According to writers of his time, Mahler himself was shocked after hearing the premiere of his own recently (1906) completed 6th symphony. Only the Scherzo gives a bit of relieve but all other movements end into tragedy. The tragedy element is very well exposed by Mariss Jansons interpretation and the Scherzo gives a bit of relieve as intended.
In order to achieve this result, Jansons keeps a very consistent tempo in all movements. He is fast but never rushed. He lets his KCO play with remarkable precision never losing his main goal to deliver an authentic, coherent performance out of sight. On me it had a devastating effect indeed.

Mahler left his conductors in the dark with regard to the specific order of the Andante and the Scherzo.
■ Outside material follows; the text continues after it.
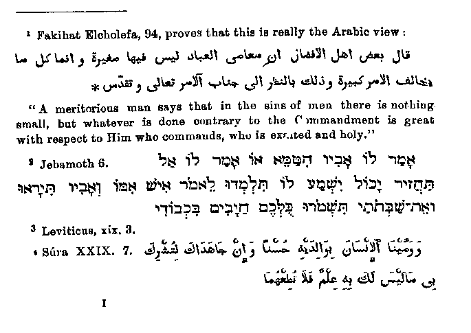 considered nothing which has to do with conduct under the heading A, even thongh it might be immediately connected with the points of belief under discussion and so we are able to bring together here all commands as to conduct. From the fact that every individual command is Divine, a conflict of duties may easily arise, which cannot be readily decided by private judgement, seeing that all the commandments are equal,1 so far as their Author is concerned. Rules for such cases must therefore be laid down. For instance, we find the following statement in the Rabbinical writings2 "If a father saith (to his son if be is a priest), 'defile thyself'; or if he saith, 'Make not restitution (of the thing found to the owner)', shall he obey him? Therefore, it is written3 'Let every man reverence his father and mother, but keep my Sabbaths all of you, ye are all bound to honour me'" And Muhammad says:4 "We have commanded man to show kindness towards his parents, but if they endeavour to prevail with thee to associate with me that concerning which thou hast no knowledge, obey them not."
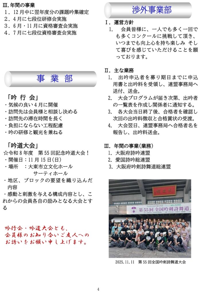 吟風 X Facebook LINE 2026.01.06 吟風ダイジェスト正月号令和8年(2027年) 【訂正】2026.1.251月24日常任理事会で「期日前審査会」は開催しない方針が決まり、審査部運営方針での「期日前審査会の復活」を行います。を削除訂正します。

Most conductors prefer to play the Scherzo as second movement but Jansons plays the Andante (movement 2) first followed by the Scherzo (movement 3). I think this works very well in the approach Jansons has taken. The finale (31 minutes) is almost a symphony of its own and needs a bit rest before.

A very interesting addition to this Mahler 6 live performance is “Sebastian im Traum”, composed in 2003/04. Where Mahler needs 85 minutes to deliver his message, Hans Werner Henze (1926) only needs 14 minutes to review all things in life.
Henze uses the same orchestral apparatus as Mahler in this piece but his style is contemporary, light and fluid. Henze’s music is a welcome relieve after the tragedies in the 6th of Mahler and Mariss Jansons gives a convincing interpretation of it in this world premiere recording.

The sound quality is stunning and very realistic. According to the booklet the disc has been compiled from 3 different live performances so in a sense the engineers have some material to play with.